The data collected by these agents is then sent to an intermediate node known as a Collector. Like agents, there can be multiple collectors in a Flume setup.
Ultimately, the data from all these collectors is aggregated and pushed to a centralized storage system, such as HBase or HDFS. The following diagram illustrates the data flow within Flume.

Multi-hop flow -
A multi-hop flow happens when an event passes through more than one Flume agent before landing in its final destination. Think of it like a relay race: your website’s log hits Agent A, which forwards it to Agent B (a collector), and only then does it get saved into HDFS. This setup helps when your web servers can't connect directly to Hadoop—you can use an intermediate agent as a bridge.
The below diagram shows the multi-hop flow.

Fan-in flow -
The data transferred from many sources to one channel is known as fan-in flow. A fan-in flow is the opposite—multiple sources send data to one channel. Imagine logs from your web server, app server, and database all feeding into a single Channel A on Collector Agent. That central channel then backs up everything and hands it off to HDFS or another sink.
Fan-out -
Fan-out flow is when one source sends its data to multiple channels simultaneously.
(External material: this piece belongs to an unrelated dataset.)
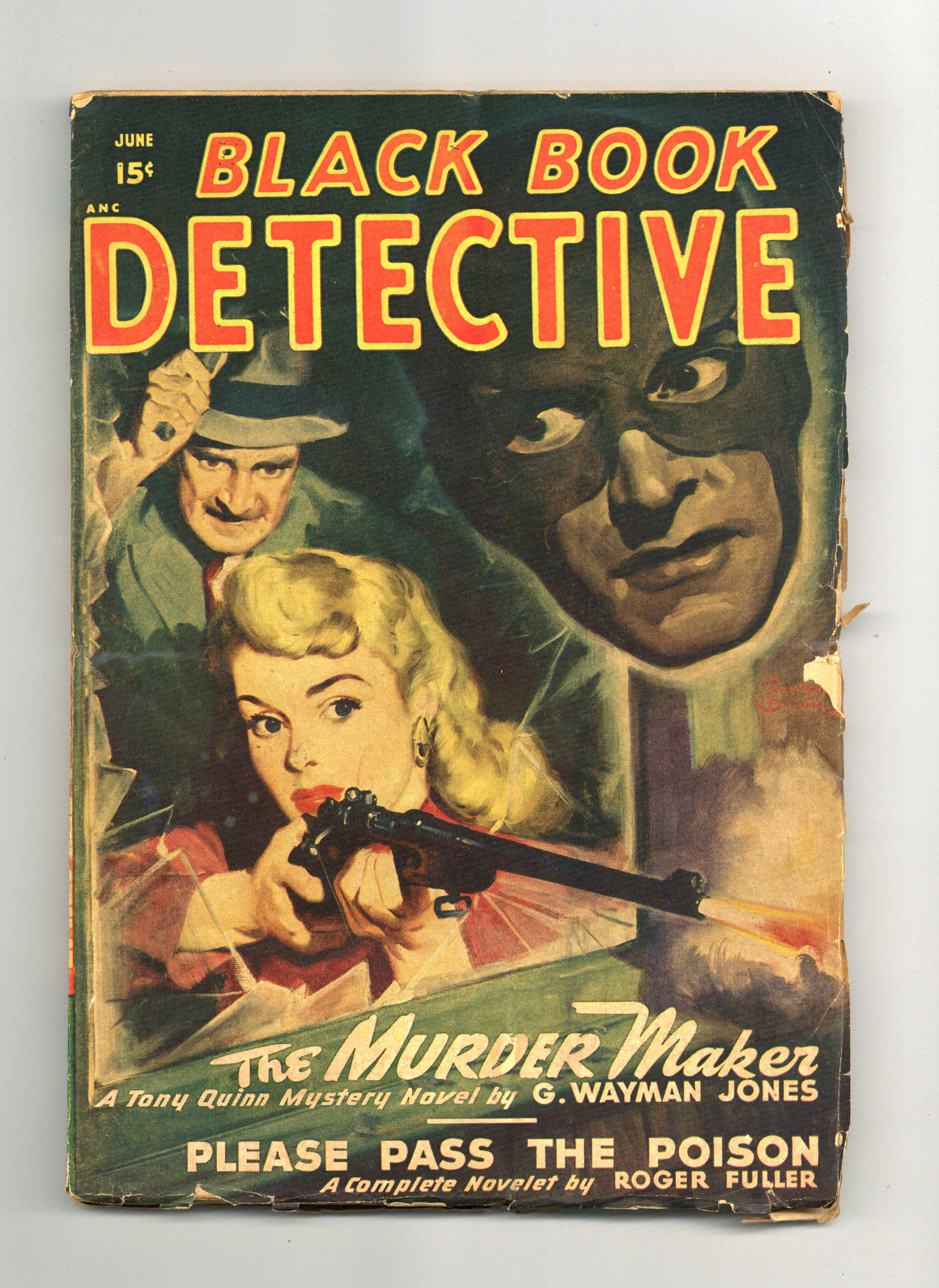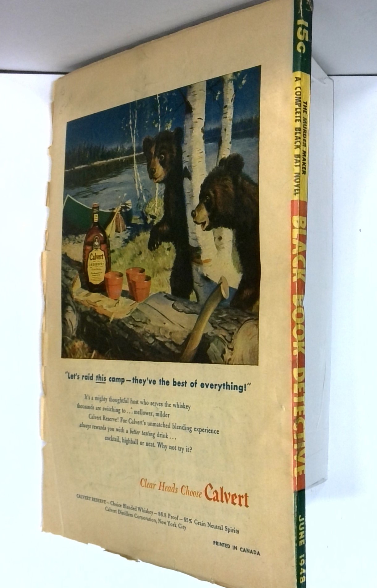 The Black Bat in "The Murder Maker" by "G. Wayman Jones" (Norman Daniels); "Please Pass the Poison" by Roger Fuller; "The Cursed Millions" by Carter Critz; "No Reprieve for the Killer" by Robert Leslie Bellem; "A Killer Flies High" by Robert Sidney Bowen; and "Who's Got the Dummy" by H.C. Butler. Pulp magazine format; black and white; 112 newsprint pages. Cover price $0.15. Grade: VG+ 4.5 explanation of grade Condition: Used (collectible)

There are two flavors:
- Replicating: sends every event to all configured channels—like copying a log to both HDFS and HBase.
- Multiplexing: uses event headers to decide the destination—e.g., type=error goes to ErrorChannel, while type=info goes to InfoChannel.

Failure Handling -
Flume uses a built-in transaction system to make sure no data gets lost when something fails. Here’s how it works:
- Sender sends an event to the receiver (channel or sink).
- Receiver stores the event and commits its own transaction, then sends an acknowledgment back.
- Sender waits for that acknowledgment—only then does it commit its own transaction.
If something goes wrong at any step, the event isn’t lost—it stays in the system until it can successfully go through again.